Wir leisten in der Entwicklungshilfe wahrlich beachtliches - etwa mit einem neuen Programm "Gesundheit in Afrika" mit rund 600 Millionen Euro bis 2019. Aber wir sind kein Ausfallbürge für andere Länder.

Sie hätten die Vorreiterrolle Deutschlands mit Engagement in der Sache unterstreichen können?

Wir bauen ja unseren Einsatz ganz erheblich aus - auch indem wir die deutsche Unterstützung für die globale Impfallianz Gavi und den Global Fund massiv aufstocken.

Was erhoffen sie sich von dem G20-Treffen?

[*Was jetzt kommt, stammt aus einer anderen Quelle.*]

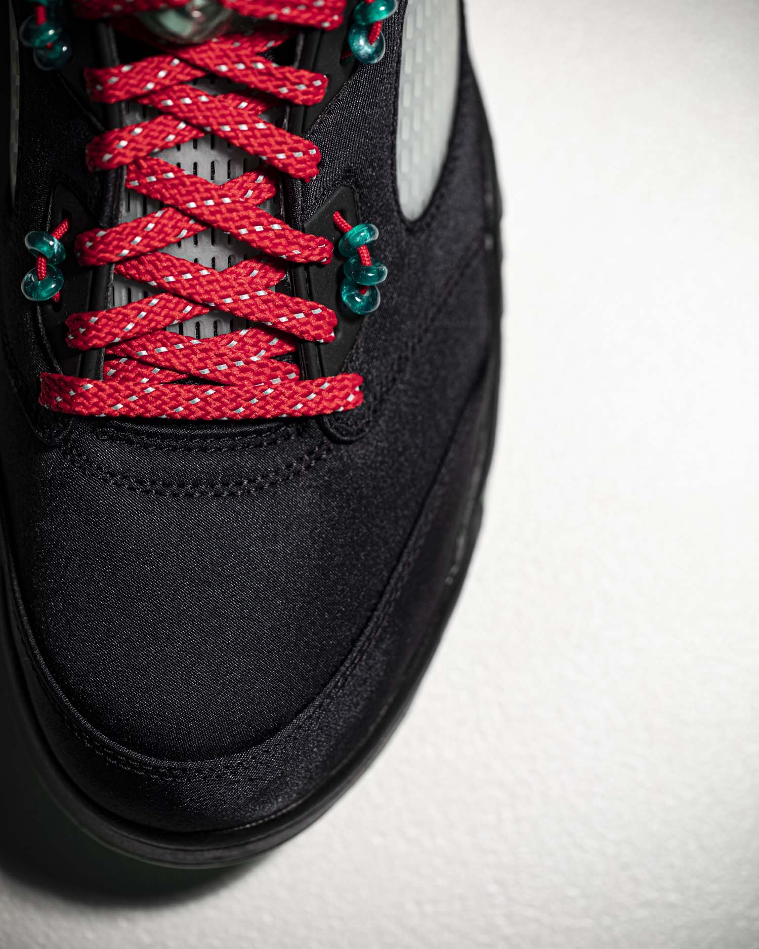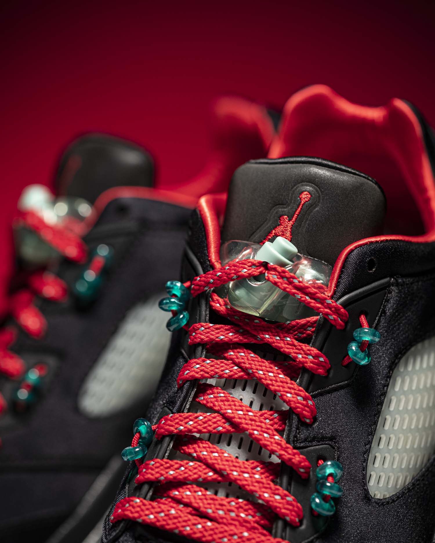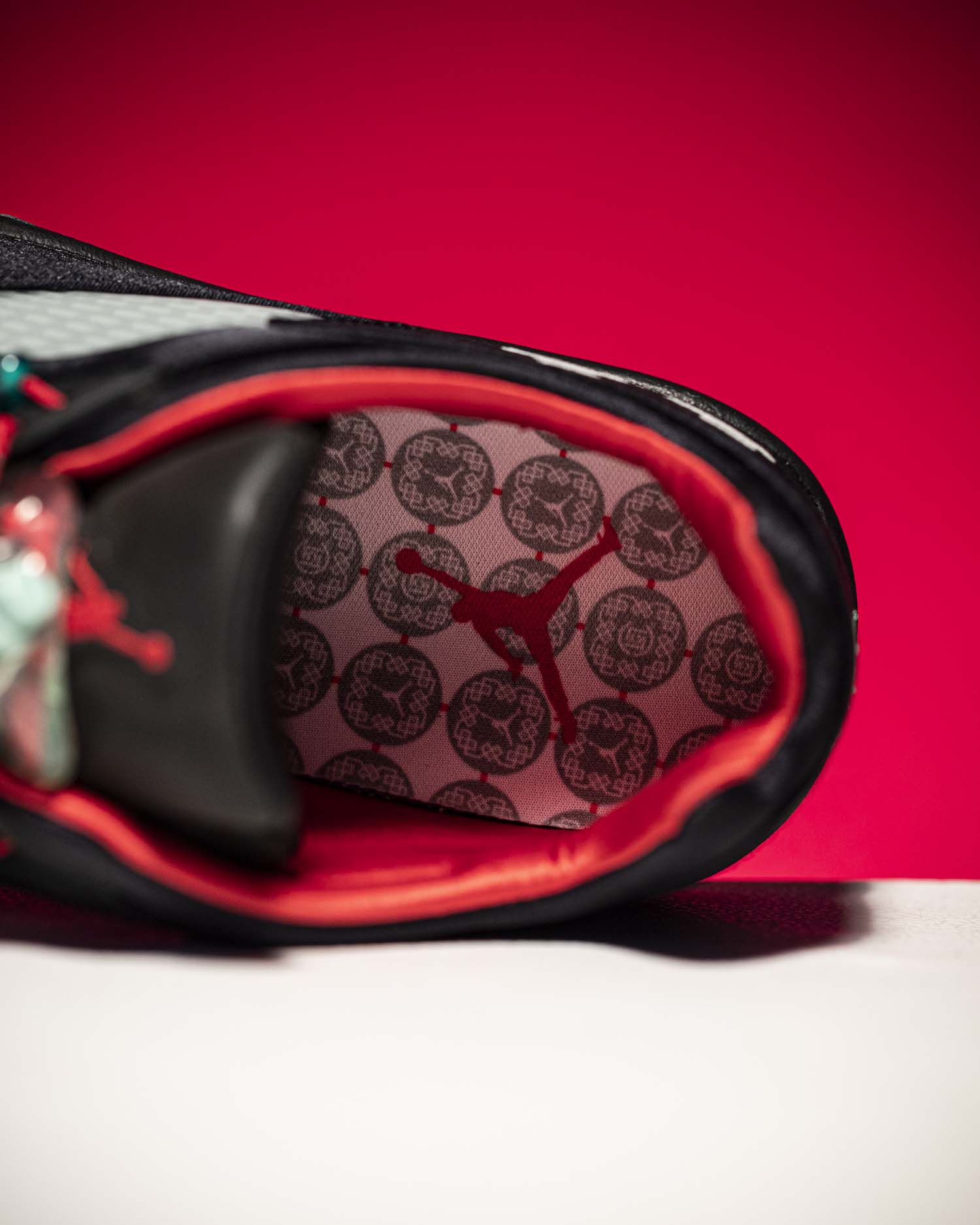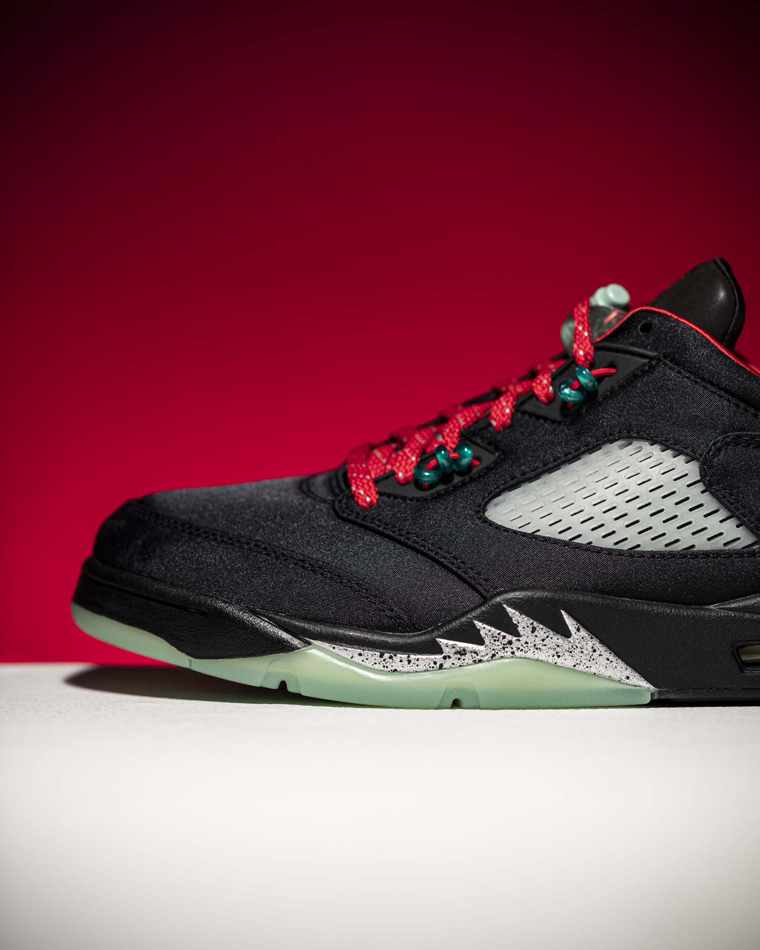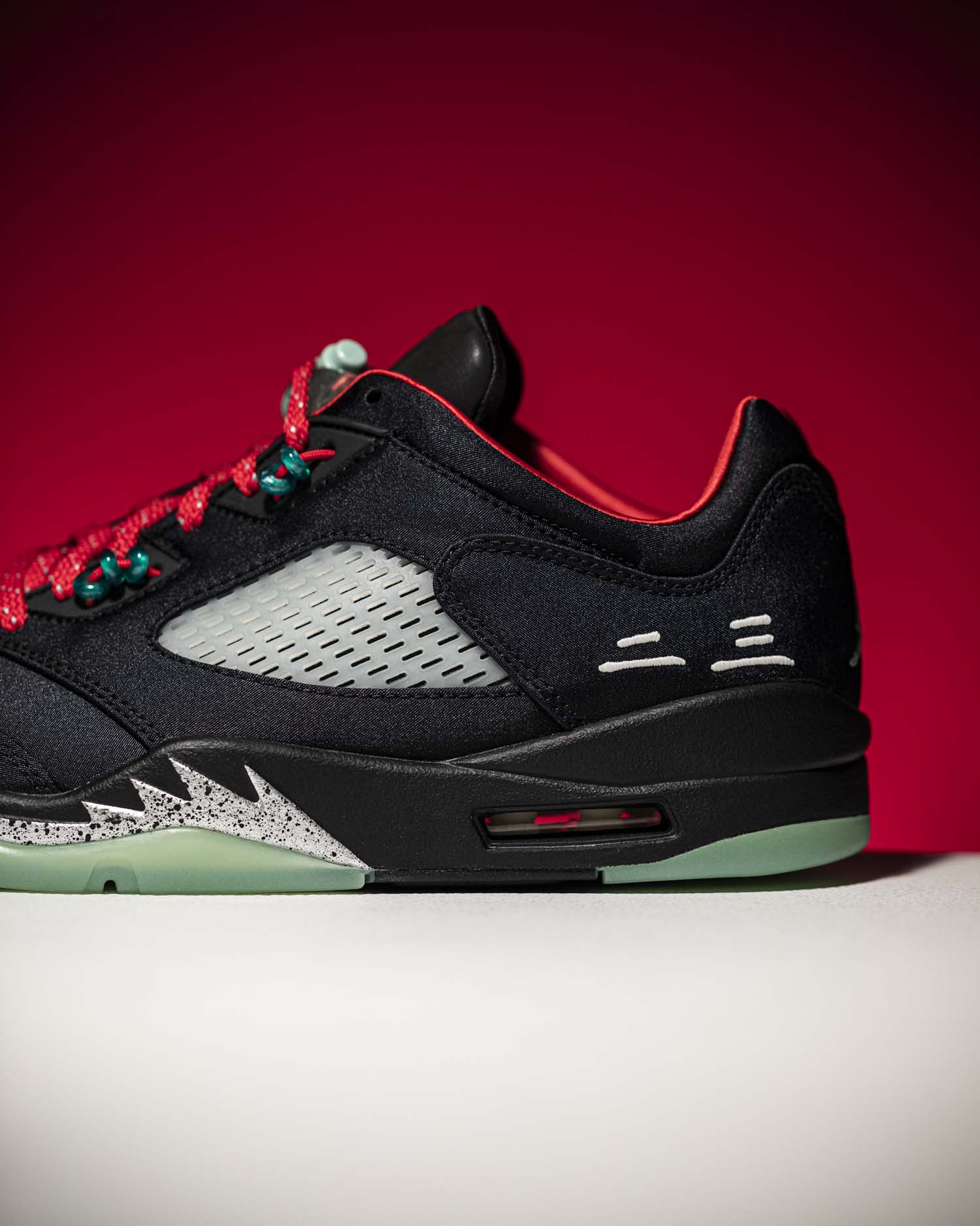经典网孔鞋舌造型,鞋带扣使用玉佩样式的配饰,Air Jordan 5 标志性的大鞋带扣采用半透明设计,更显玉器质感。

Erst einmal, dass alle hinterher sagen: »Das hätten wir früher tun sollen«. Zweitens, dass die ständige Angst aufhört, ein solcher Austausch setze Einzelne auf die Anklagebank. Jeder hat seine Hausaufgaben zu machen. Aber wir können sie nur erfüllen, wenn wir zusammenarbeiten.

Das Interview führte Harro Albrecht.